1 from Eureka! Masters of Cinema
The Hunchback of Notre Dame (U.S., 1923)
Not the first and certainly not the last studio to bring Victor Hugo's classic story to the silver screen, Universal Pictures went all out in 1923 when it cast Lon Chaney in the titular role of Quasimodo and hired Wallace Worsley (The Penalty) to direct. Good choices, because with that talent and lavish spending on costumes and sets (and Chaney's deforming makeup), it turned out to be the studio's most popular silent picture yet, grossing three times its $1.2-million budget. The movie first made it to Blu-ray in 2014 via U.S. distributor Flicker Alley, and in 2021 it was restored in 4K from an imperfect 16-millimetre source, given new extras and re-released on BD in the U.S. by Kino Lorber.
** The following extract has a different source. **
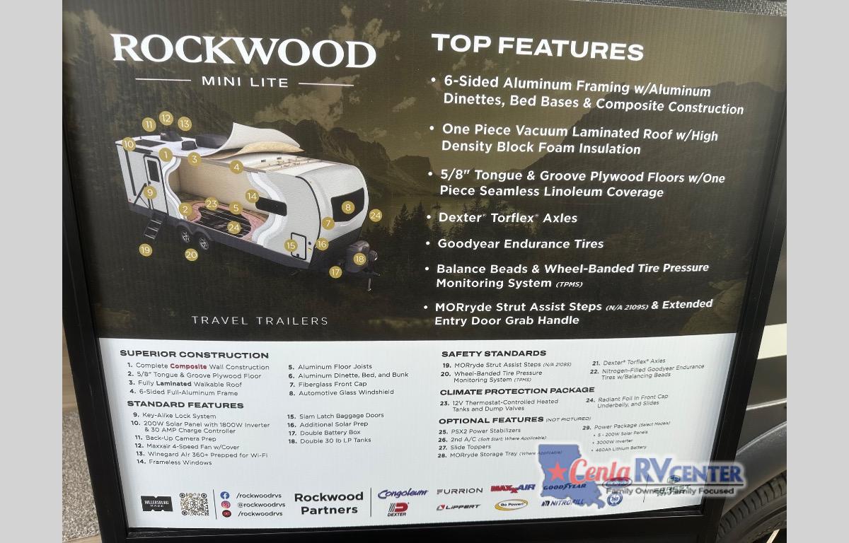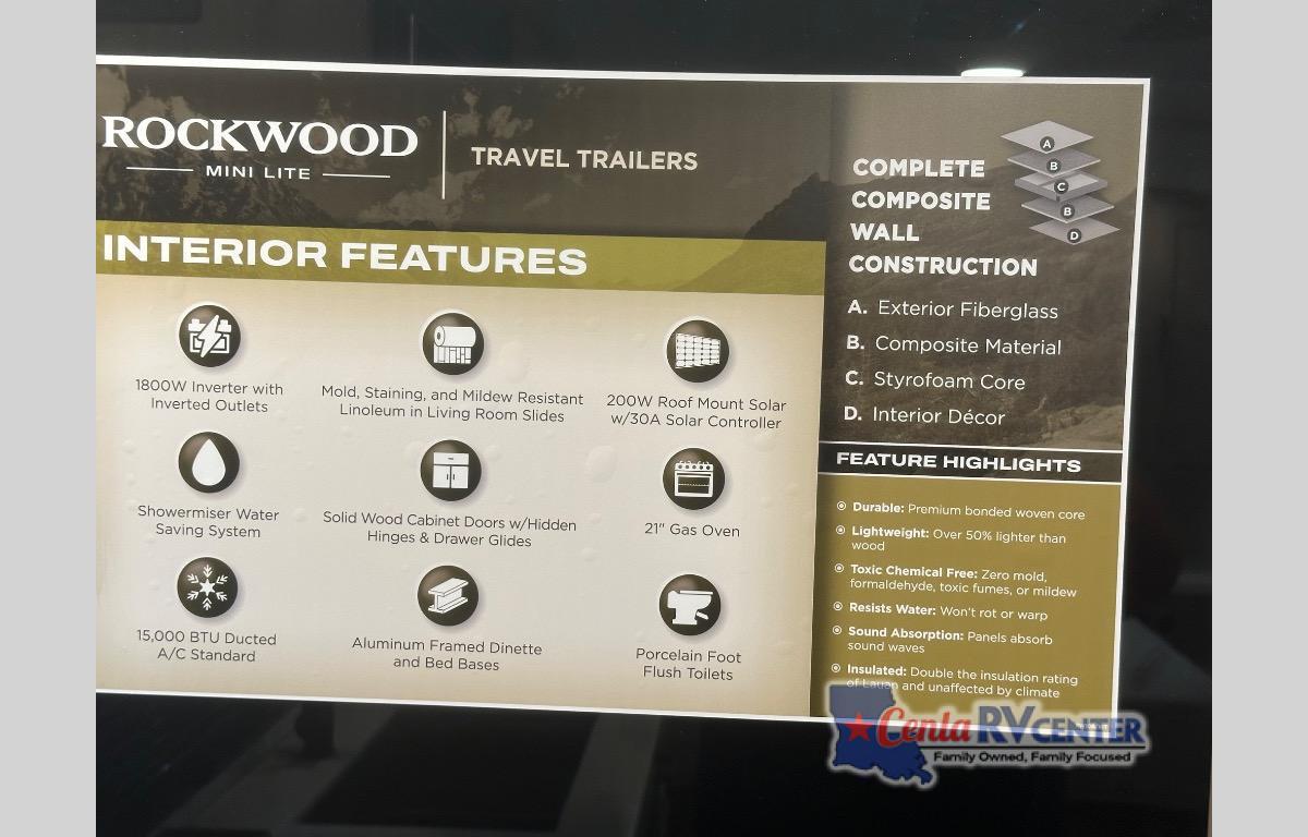 Each Rockwood Mini Lite travel trailer by Forest River is constructed with a fully laminated one-piece walkable roof, sleek frameless windows, and a six-sided full aluminum frame for strength and durability. The 12V thermostatically controlled heated tanks, plus radiant foil in the underbelly will allow you to camp well into the colder months, and the 200W roof solar panel will be perfect for a little off-gridding. Each model includes solid surface kitchen countertops, hidden hinge cabinet doors, roller shades, plus many more interior features. Having an AIR 360+ omnidirectional antenna with WiFi prep on board gives you the option to get some work done if it's needed, and the power tongue jack provides hassle-free set up, so you can enjoy more time relaxing!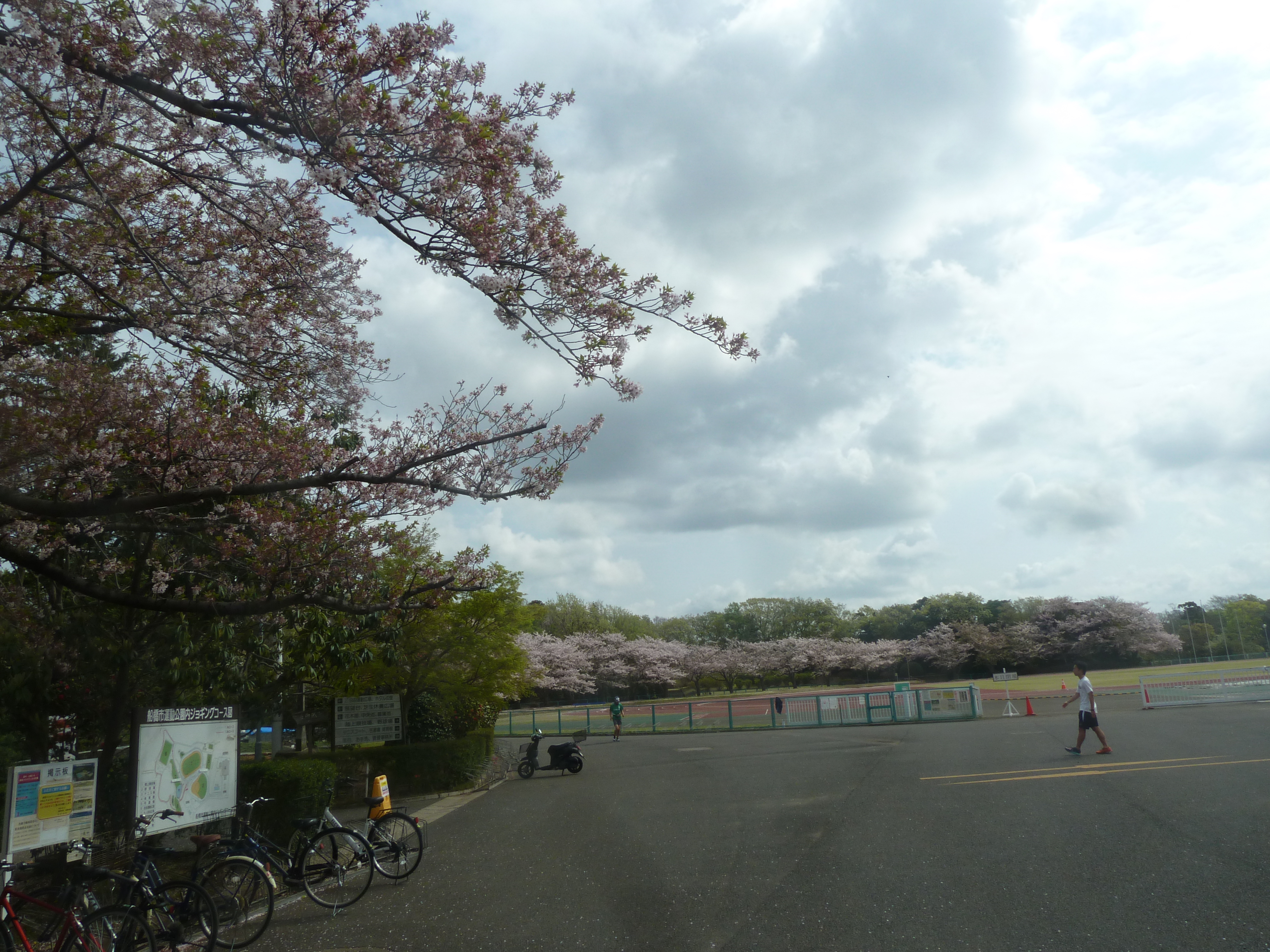 運動公園の桜はかなり散っていますが、グランド側はまだ見頃です。

Now, again with different extras, it gets a region-B BD release via the U.K.'s Eureka! as part of the Masters of Cinema series. The musical score by Nora Kroll-Rosenbaum and Laura Karpman rings clear in uncompressed LPCM stereo, there's a new audio commentary by authors Stephen Jones and Kim Newman, a new interview with Newman on this and the many other adaptations of Hugo’s novel, and a new interview with film historian Jonathan Rigby. The accompanying illustrated booklet features a new essay by journalist Philip Kemp.